Вот так негаданно приспела Якову пора уезжать. А ночная темнота в подспорье. Он кинулся в свою юрту, схватил дорожный мешок, полный сухарями, и устремился вниз по пологому склону. Стрела, стреноженная, паслась там внизу возле отары овец. Седло и уздечка лежали неподалёку, спрятанные в кустах.
Пастушья собака, увидев бегущего Якова, гавкнула было, но, поняв, что тому нет дела до овец, глухо зарычала, а затем и вовсе замолкла.
Яков седлался быстро. Запоздало вспомнил, что к сухарям неплохо бы взять с собой воды, но тут увидел – к седлу привязана деревянная фляга. В ней оказалась та самая вода из источника, горьковатая на вкус. Вспомнились мимолётные слова Зубейды о том, что эта вода лучше утоляет жажду, чем обычная.
Взлетев в седло, Яков на прощанье оглянулся в ту сторону, где стояла юрта красавицы, хотя в кромешной тьме уже ничего бы не увидел.
Стрела двигалась по траве легко и почти бесшумно. Неуловимой ночной тенью спустилась с Пятиглавой горы, неся Якова на себе.
* * *
Через несколько дней, прокладывая себе дорогу в камышах солёного озера Маныч, вспугивая разомлевших от первого зноя чаек, Яков припоминал последние слышанные им слова Зубейды. Она сказала их, выпроваживая его вон из своего войлочного жилища:
– Не думай обо мне слишком часто, не изводи себя понапрасну тоской и печалью. Будь весел. Вспомни обо мне только тогда, когда настанет время нам соединиться.
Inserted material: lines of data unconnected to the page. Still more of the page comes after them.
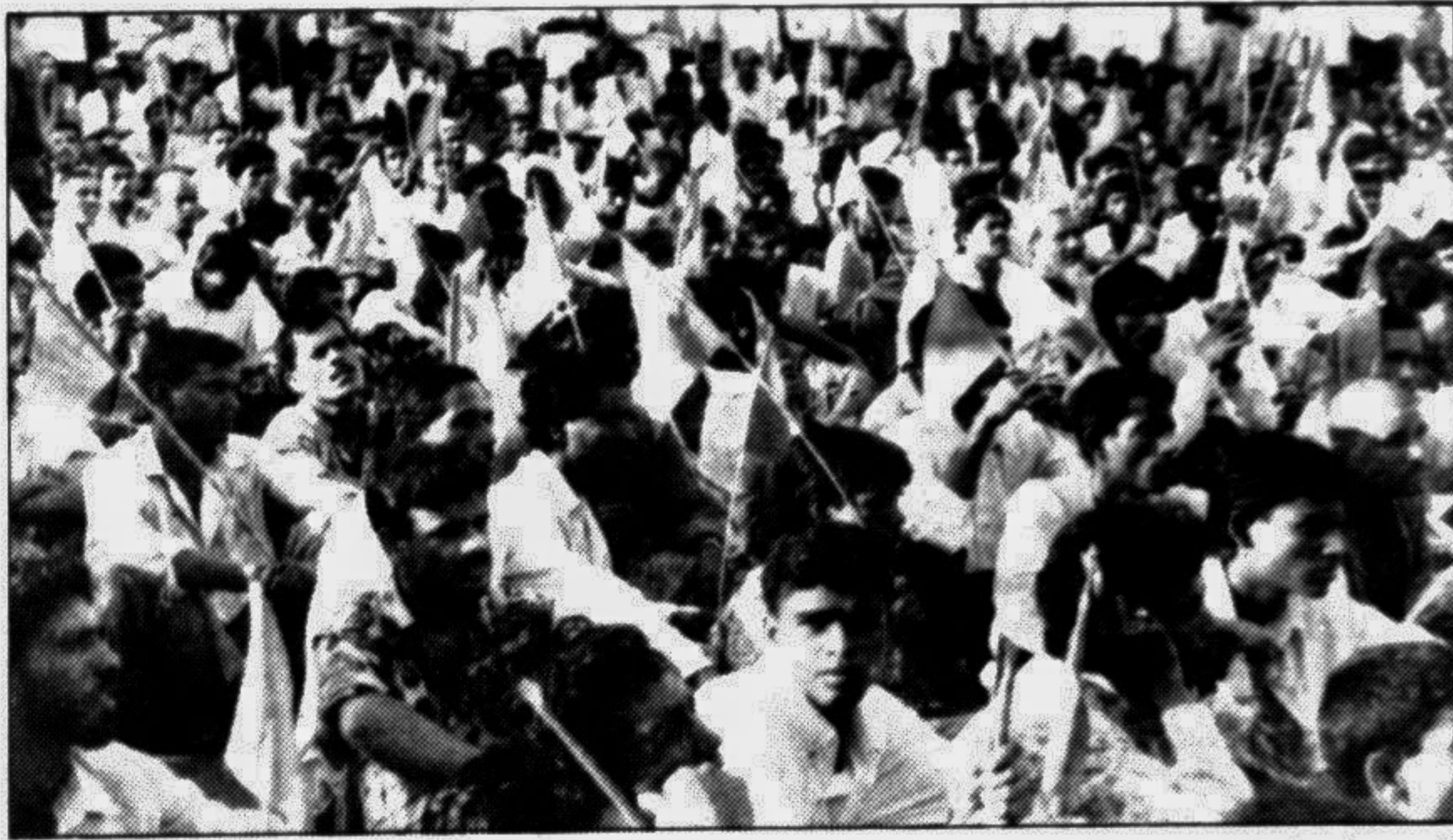
Jatiya Samrak Federation held a rally demanding formation of wages commission in front of the Jatiya Press Club yesterday.
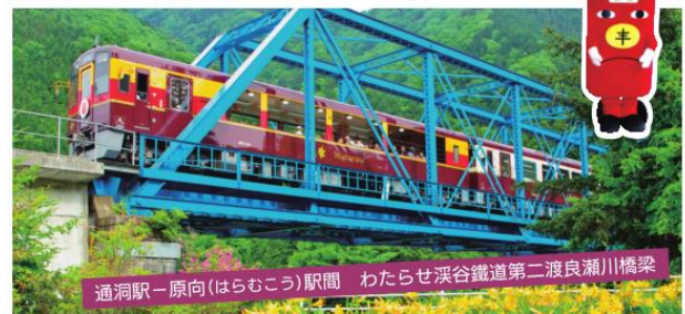
通洞駅—原向(はらむこう)駅間 わたらせ渓谷鉄道第二渡良瀬川橋梁

間藤駅 — 桐生駅 営業距離: 44.1キロ/17駅 (日光市) (群馬県桐生市)
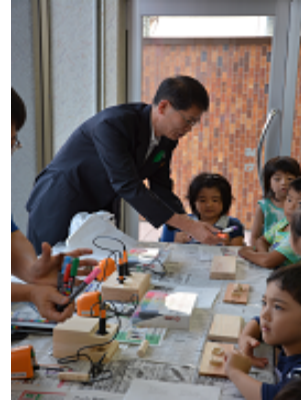
【9/3あすなろ幼稚園児来店】
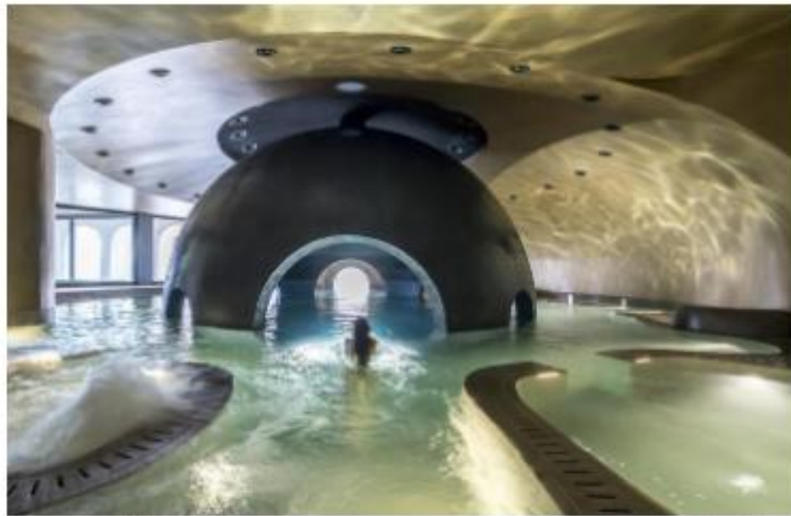
Un spa como nunca habías visto

"Desde las salas de tratamiento y gimnasio en la planta baja, pasando por las instalaciones acuáticas (el tepidarium , el hammam bizantino, la piscina Watsu, la sauna de vapor, la sauna finlandesa, etc.) y subiendo hasta las salas de yoga y meditación, así como a los espacios al aire libre con vistas panorámicas, los huéspedes son guiado en un viaje de cambio interior. La innovadora piscina esférica (cuya forma surgió al imaginar cómo habitar el vacío de un volumen platónico flotando en el centro de una esfera) proporciona una experiencia de relajación y renacimiento similar a la de un útero", añaden sus responsables.
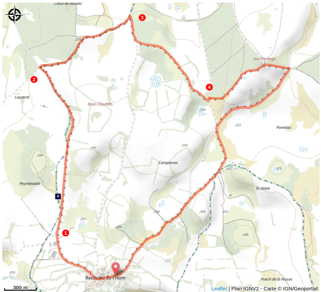
Dolmen de Peyrelevade (A)
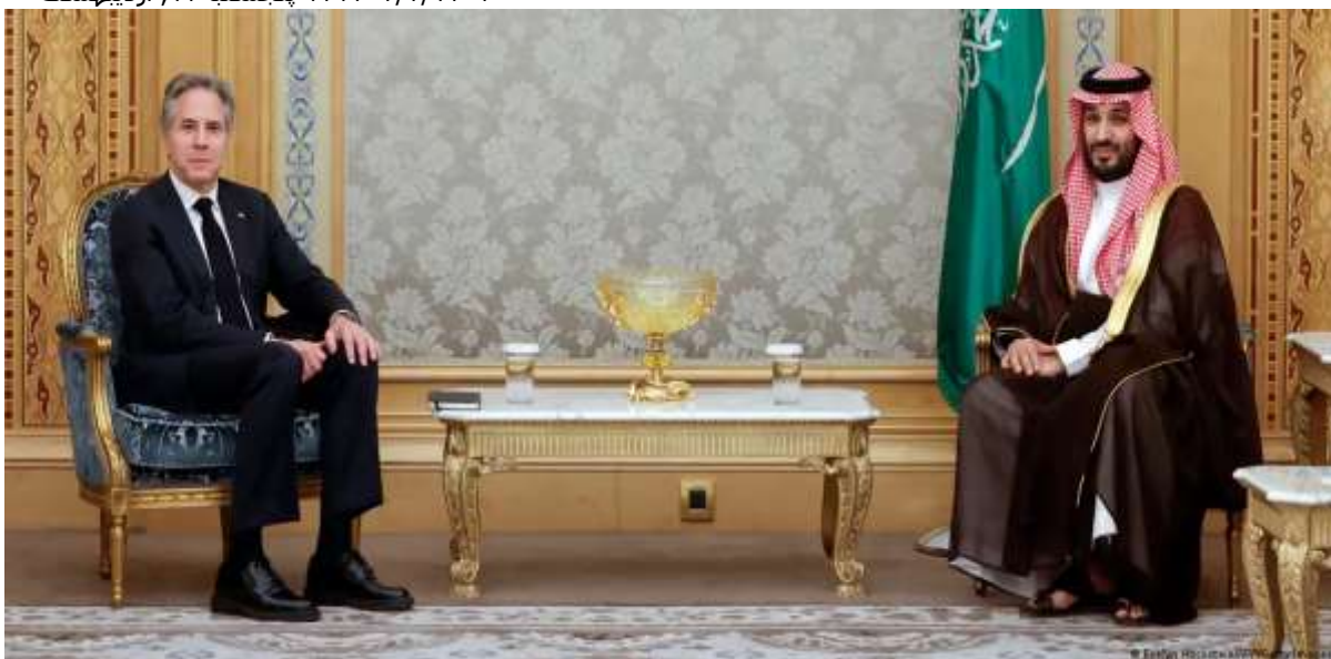
آمریکا و عربستان در حال مذاکره برای رسیدن به یک توافق امنیتی هستند
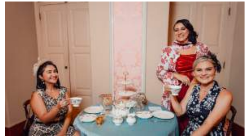
Evento mistura modernidade e tradição cultural gastronômica
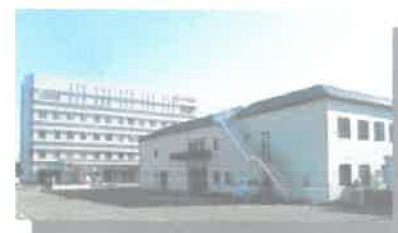
社会福祉法人大西福祉会 特別養護老人ホーム 「メディケア 千曲中央」 平成29年4月1日～OPEN
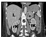
Koronární CT – Feochromocytom označen hvězdičkou
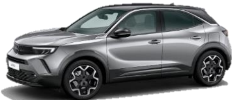
Šedá Kontrast (F4M0) 550 €
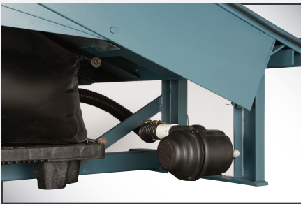
El motor del ventilador de baja presión de 115 V monofásico proporciona un suministro de aire de gran volumen para accionar y posicionar el nivelador de manera confiable.
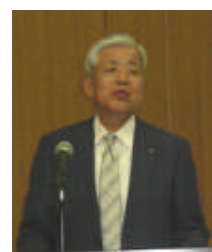
[報告：奥谷副理事長]
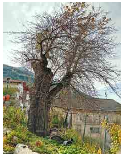
Brand 1899 in Tabland – Palabirnbäum lebt heute noch.

was sie am Feiertag am Leib trugen. Sogar das Geld vieler ist verbrannt. Wie leider fast allerwärts in Tirol sind auch hier die Leute vielfach gar nicht, zum Teil mit geringfügigen Beträgen versichert, man spricht von insgesamt 26.000 Gulden, während natürlich der Schaden ein weit höherer, noch nicht genau zu bestimmen ist. Auf dem Brandplatz war außer der Ortsfeuerwehr im Laufe des Abends erschienen die Feuerwehren von Staben, Naturns, Partschins, Tschars, Kastelbell, Latsch, Goldrain, Tarsch, Morter und Latschinig; doch konnte bei der furchtbaren Gluthitze nicht mehr ausgerichtet werden; auch die Schläuche verbrannten teilweise. Wie enorm die Hitze war, lässt sich daraus entnehmen, dass kein Fensterstock, kein Türstock mehr vorhanden ist, sogar die in das Mauerwerk der Häuser gezogenen Balken sind herausgebrannt. Die Brandstätte bietet einen schauerlichen Anblick. Rauchende Trümmerhaufen, umgeben von nicht mehr benutzbaren ausgebrannten ein- und zweistöckigen Mauern, bilden die traurigen Reste des Dorfes, umgeben von fünf mehr abseits stehenden, vom Feuer verschont gebliebenen Gebäuden. (...)
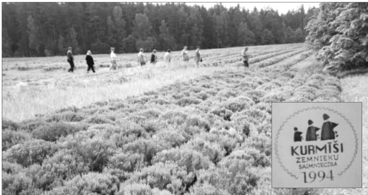
Ārstniecības augu lauki. Ekskursanti nav reta parādība zemnieku saimniecībā “Kurmīši”. Parasti ārstniecības tēju iepazīšanas procesu viņi sāk ar plantāciju apskati, tad dodas uz kalti un nobauda gatavo produkciju.

Как же так? Нешто можно забыть её? Да чем же он жить-то тогда станет?
Вот осталось позади озеро. Широкая степь стелила под копыта лошади вешнюю зелень разнотравья.
Уже поднимаясь по Дону на ладье малознакомых коломенских купцов, Яков позабыл на время татарскую речь. Москва манила колокольным перезвоном и перестуком молоточков Бронной слободы.
* * *
Из рукописи, сожжённой воинами Тохтамыша, потомка Джучи, в году 1382-м от Рождества Христова:
«…Ползали всякие тёмные слухи, будто жив Иван Вельяминов, будто сидит в Орде у Мамая. И это оказалось святой, незамутнённой правдой. Правду эту не сорока на хвосте принесла, не синица протрещала, а мой любимейший воспитанник и приёмный сынок Яшка Ослябев на Москву доставил. Уж как радовались мы с Никитой, как праздновали! Едва ли не весь мёд у Варвары в кабаке выхлебали!
Смотрел я на Якова и одну неделю, и другую, а насмотреться не мог. Вижу: сидит передо мной Яшка мой, всё тот же ленивый недоросль. Он, как есть он! И всё ж не тот человек, коего знал лучше себя самого. Будто другого человека вижу: взрослого, страдавшего, на твердость в вере христианской испытанного, боями закалённого. Много дней слушали мы с Никитой Яшкины рассказы о житье его в Великой Степи. Потом всем обществом в княжеские палаты были званы, и там Яков мой Дмитрию Ивановичу и владыке о своей встрече с темником рассказывал. И лик Мамаев описывал, и повадки, и одежду, и сподвижников его хитромудрых. И о мимолетном свидании с Иваном Вельяминовым поведал нам Яков. Тут Дмитрий Иванович приступил к Яшке с расспросами. Дескать, не обознался ли разведчик, не ошибся ли. И видел я, какою болью душевной обернулось для князюшки Ванькино предательство. Поначалу он и верить не хотел, ан пришлось поверить. Чую я и предполагаю: замыслили наши управители некую хитрость, чтобы Ваньку на чистую воду вывести. Но какова та хитрость? Узнаем ли?..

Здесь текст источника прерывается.